Uncertainty encoded in a recurrent neural network trained to predict visual input during navigation

Cosyne 2024, Friday, March 1st, Poster 2-019

Authors: Yeowon Kim and Yul HR Kang

  • This presentation won Cosyne Presenters Travel Grant!

Navigation requires localizing oneself in an environment. However, one’s location (“latent state”) is not directly observable, and must be inferred from noisy and partial information such as egocentric visual input and self-motion signals. Recent findings suggest that the uncertainty about the latent state from such noisy information must be considered for optimal localization, and that it is indeed considered by people during navigation and represented by place/grid fields in the brain. However, it is unclear how such probabilistic representation (i.e., representation of the uncertainty about the latent state) is acquired.
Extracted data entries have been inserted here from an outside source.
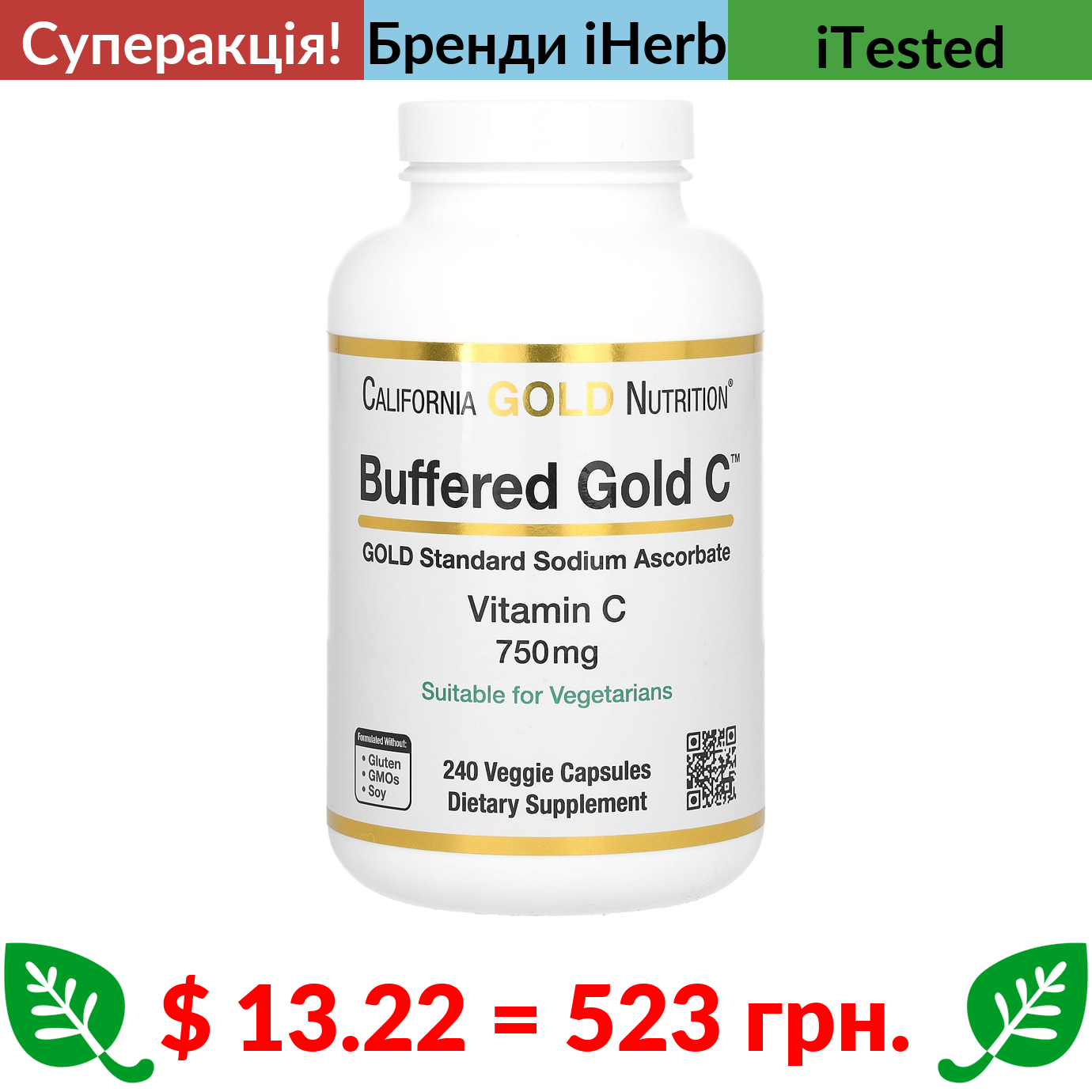 $ 13.22 = 523 грн. ???? cуперакція! ???? California Gold Nutrition, буферизовані капсули з вітаміном С, 750 мг, 240 вегетаріанських капсул
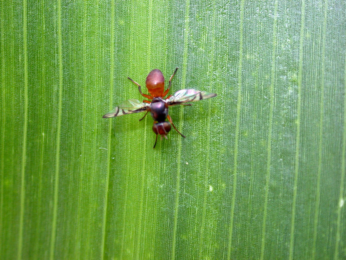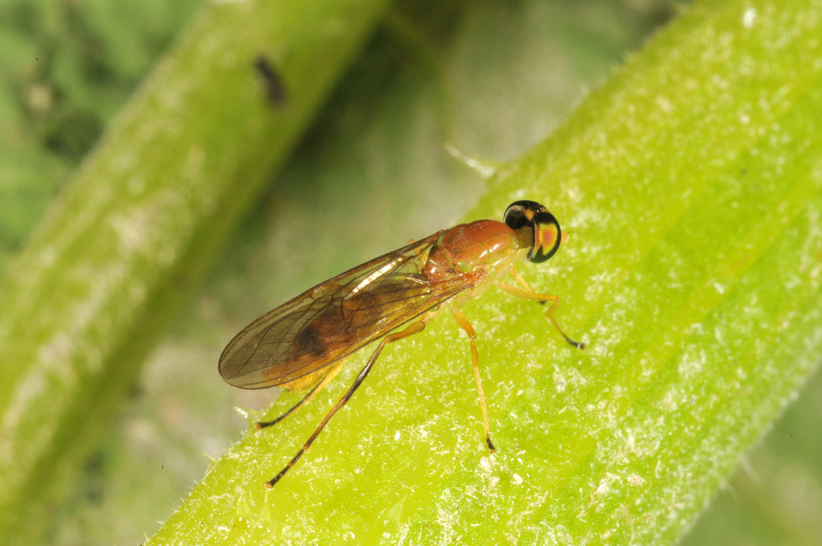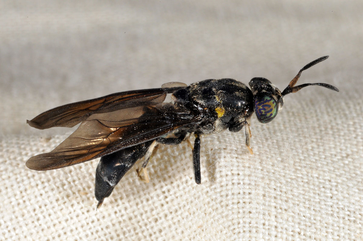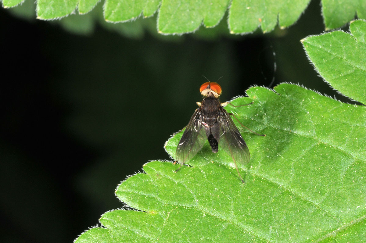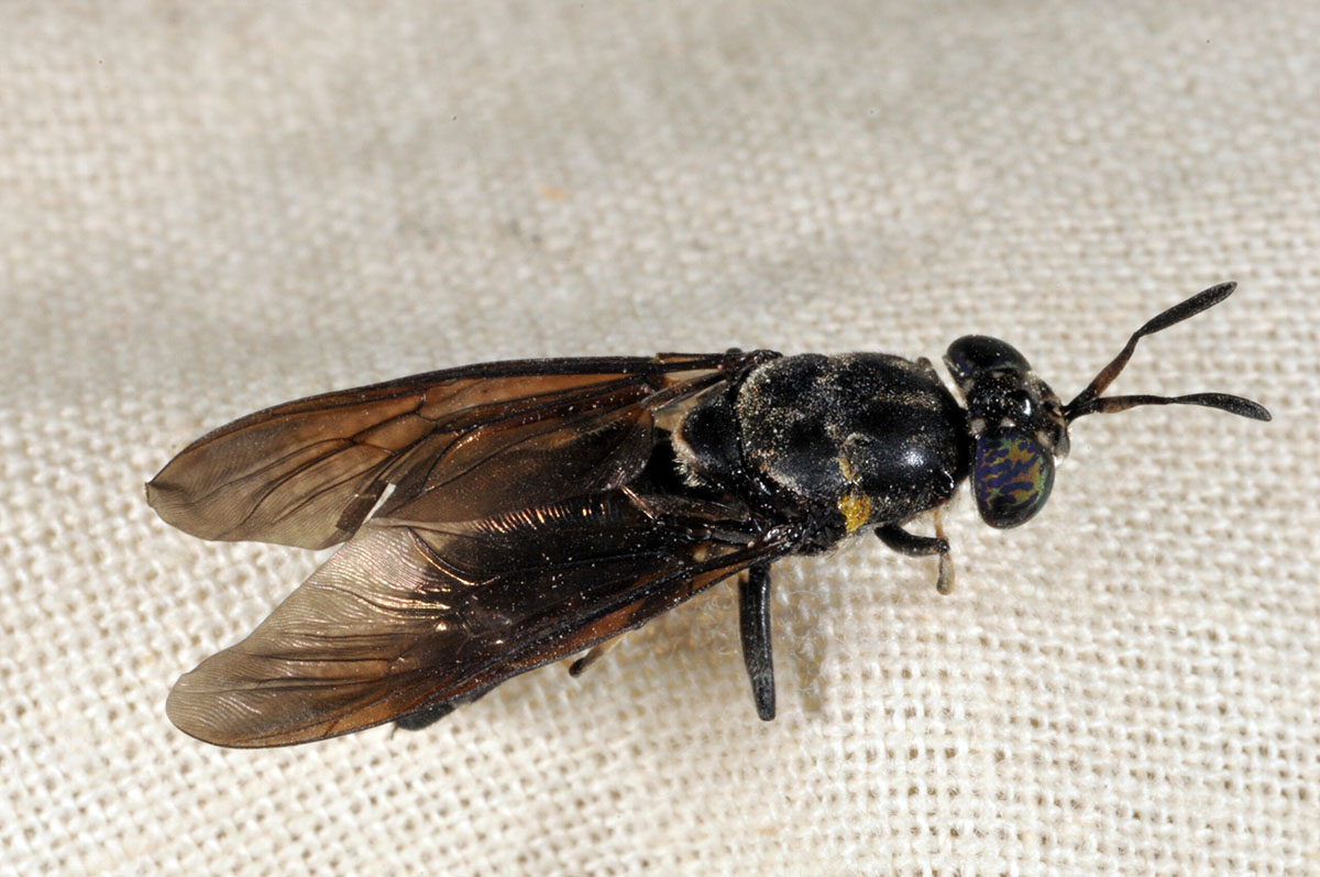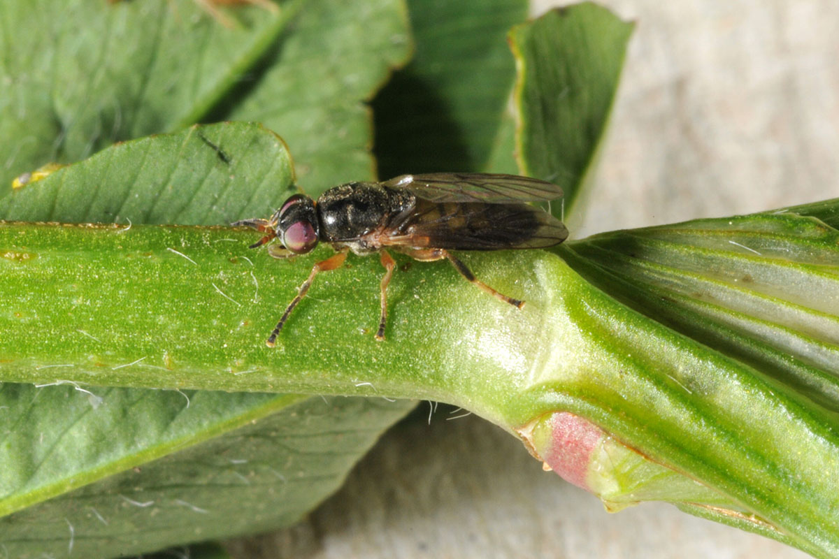 Spotted wing drosophila male fly on blackberry (dorsal view)
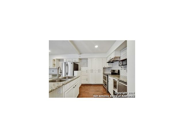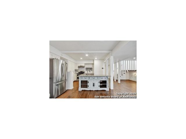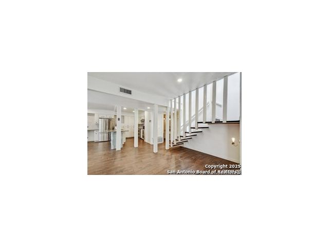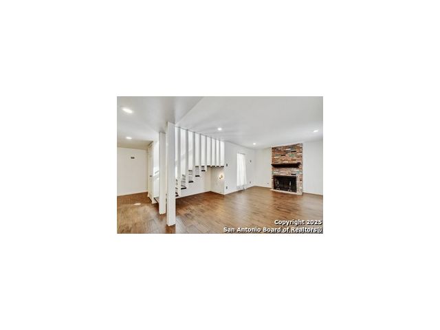 this condo has master down stairs offering privacy, kitchen has granite countertops, sleek stainless-steel appliances and living area has brick fire place. Upstairs, you will find two additional well-appointed bedrooms. This property includes a rear entry 2-car garage with opener. Located on a corner lot in beautiful Harmony Hills subdivision between San Pedro and Blanco rd.
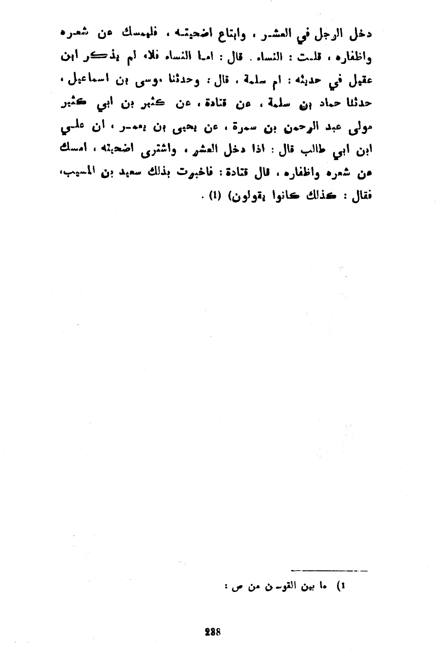 دَخَلَ الرَّجُلُ فِي الْعَشْرِ وَابْتَاعَ أُضْحِيَتَهُ فَلْيُمْسِكْ عَنْ شَعْرِهِ وَأَظْفَارِهِ قُلْتُ النِّسَاءُ قَالَ أَمَّا النِّسَاءُ فَلَا لَمْ يَذْكُرِ ابْنُ عَقِيلٍ فِي حَدِيثِهِ أُمَّ سَلَمَةَ قَالَ وَحَدَّثَنَا مُوسَى بْنُ إِسْمَاعِيلَ حَدَّثَنَا حَمَّادُ بْنُ سَلَمَةَ عَنْ قَتَادَةَ عَنِ كَثِيرِ بْنِ أَبِي كَثِيرٍ مَوْلَى عَبْدِ الرَّحْمَنِ بْنِ سَمُرَةَ عَنْ يَحْيَى بْنِ يَعْمُرَ أَنَّ عَلِيَّ بْنَ أَبِي طَالِبٍ قَالَ إِذَا دَخَلَ الْعَشْرُ وَاشْتَرَى أُضْحِيَتَهُ أَمْسَكَ عَنْ شَعْرِهِ وَأَظْفَارِهِ قَالَ قَتَادَةُ فَأَخْبَرْتُ بِذَلِكَ سَعِيدَ بْنَ الْمُسَيَّبِ فَقَالَ كَذَلِكَ كَانُوا يَقُولُونَ)
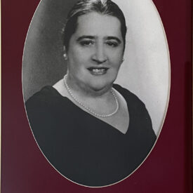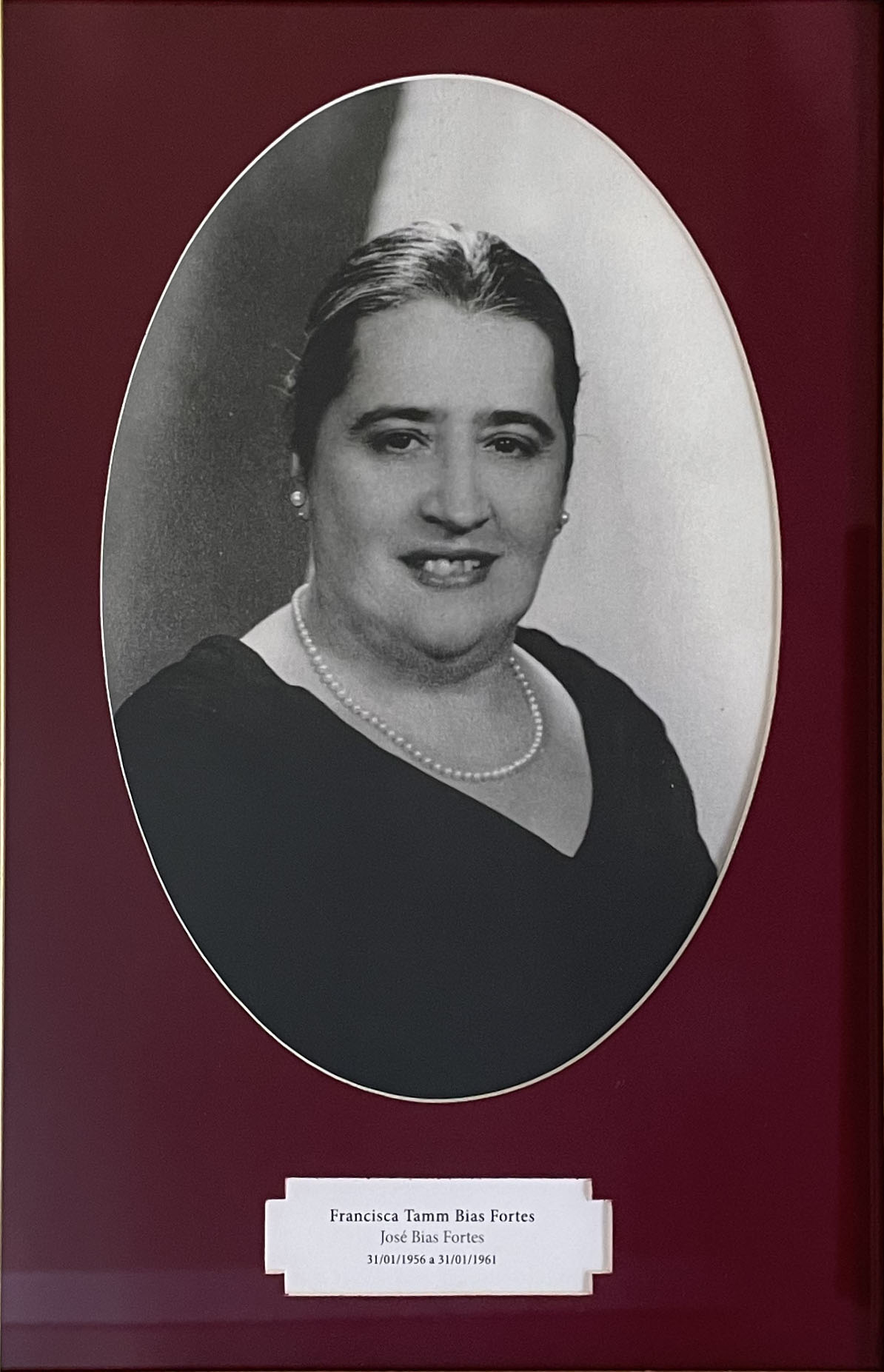 Retrato retangular com moldura dourada e paspatur em formato oval, forrado em veludo vermelho. O espaço reservado à imagem, no interior da moldura, mostra Francisca Tamm Bias Fortes, que utiliza um vestido preto, brincos e colar de pérolas. A figura está sorrindo, possui cabelos escuros que estão presos em um penteado atrás de sua cabeça e seu olhar está direcionado para a frente. A imagem está em preto e branco.
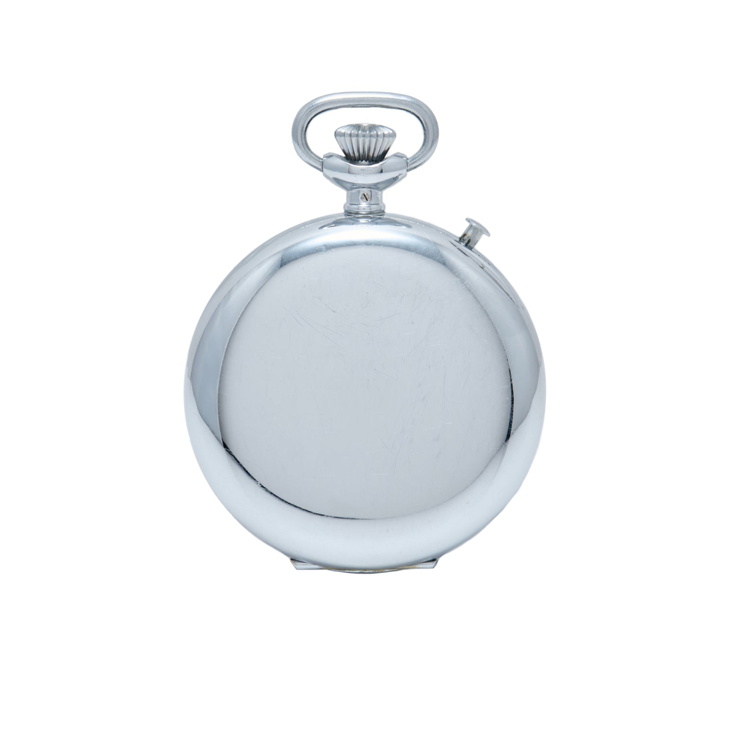Measuring 49mm in stainless steel, it features an acrylic crystal, an ornate winding and start/stop 'onion crown,' and a small reset pusher at 10:30. Its glossy white dial boasts an outer 1/5th-seconds track in black; a 30-minute register in black 'Arabic' indices; an inner 60-minute register in red 'Arabic' indices; a 15-minute recorder below 12 o'clock; and a black handset. Powered by a hand-wound Jules Racine movement with seven jewels, it even comes with its inner cloth bag and outer box.
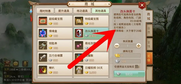 - 与NPC对话,选择使用改头换面卡进行门派转换。
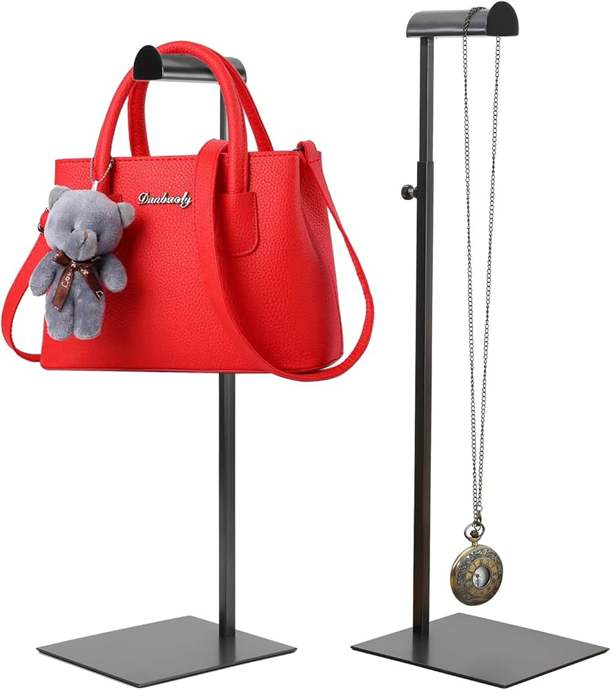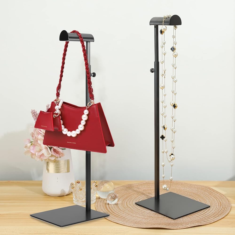 WFENFZS 2 قطعة حامل عرض المحفظة حامل المحفظة السوداء لعرض حقيبة اليد حامل حقيبة المرأة مع ارتفاع قابل للتعديل
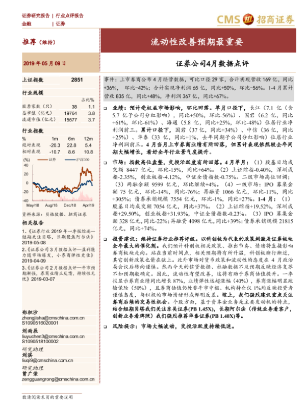 【海通证券】【20190509】证券公司4月数据点评:流动性改善预期最重要-3页 行业研究
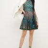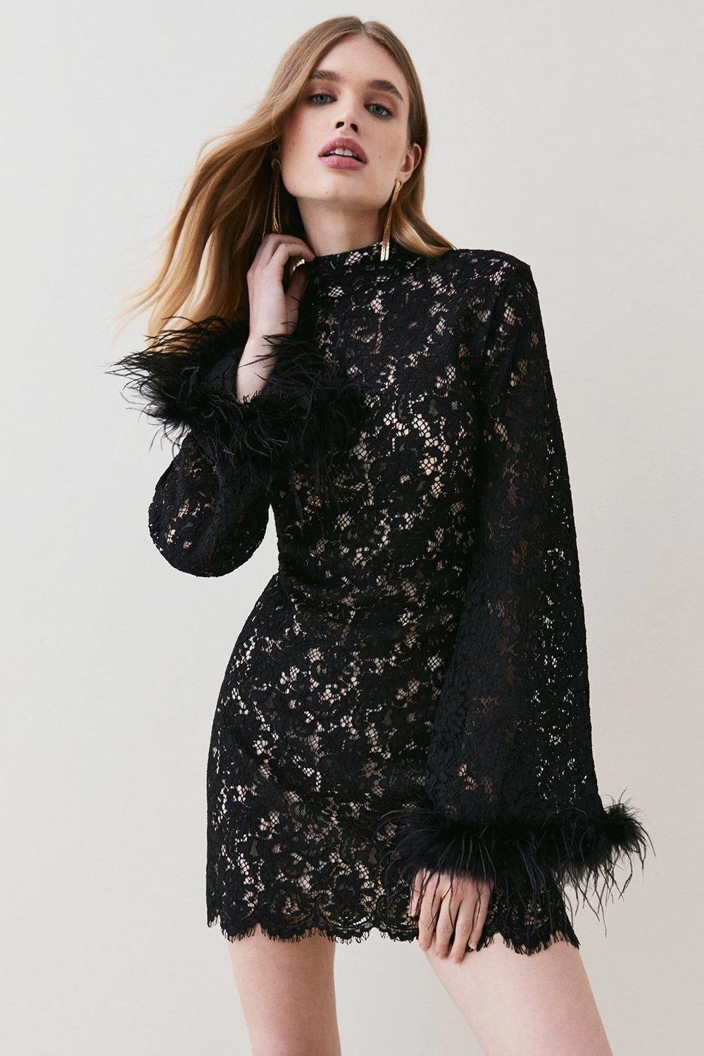 Blooming with botanical embroidered mesh, this mini dress channels the majesty of the midnight hour with an intoxicating ensemble. From the feather-trimmed cuffs to the scalloped open back, pair this piece with towering platforms to offset the after-dark references.

Here we show that such representation naturally arises when a neural network is trained to predict the upcoming sensory input. We develop a variant of an autoencoder that receives noisy egocentric visual stimuli/self-motion signals of an agent navigating an environment, and recurrently updates its hidden state to predict the upcoming visual stimulus. Then we show its hidden state represents a handcrafted ideal observer’s belief about its location given noisy sensory inputs. The representation matched not only the optimal estimate of the location but also the estimate’s uncertainty. Also, the decoded uncertainty about the distance from the nearest wall correlated with the distance, matching that of the ideal observer and paralleling the finding about how human homing behavior depends more on closer landmarks, and how a place field’s size correlates with the distance from the nearest wall. A control network trained to reproduce the visual stimulus of the current time step failed to represent the ideal observer’s belief as reliably. Thus, our results suggest that learning to predict the upcoming noisy sensory input may be a potential mechanism for the learning of probabilistic representation in the brain, even in a natural task like spatial navigation where the relationship between the sensory input and the latent state is complex.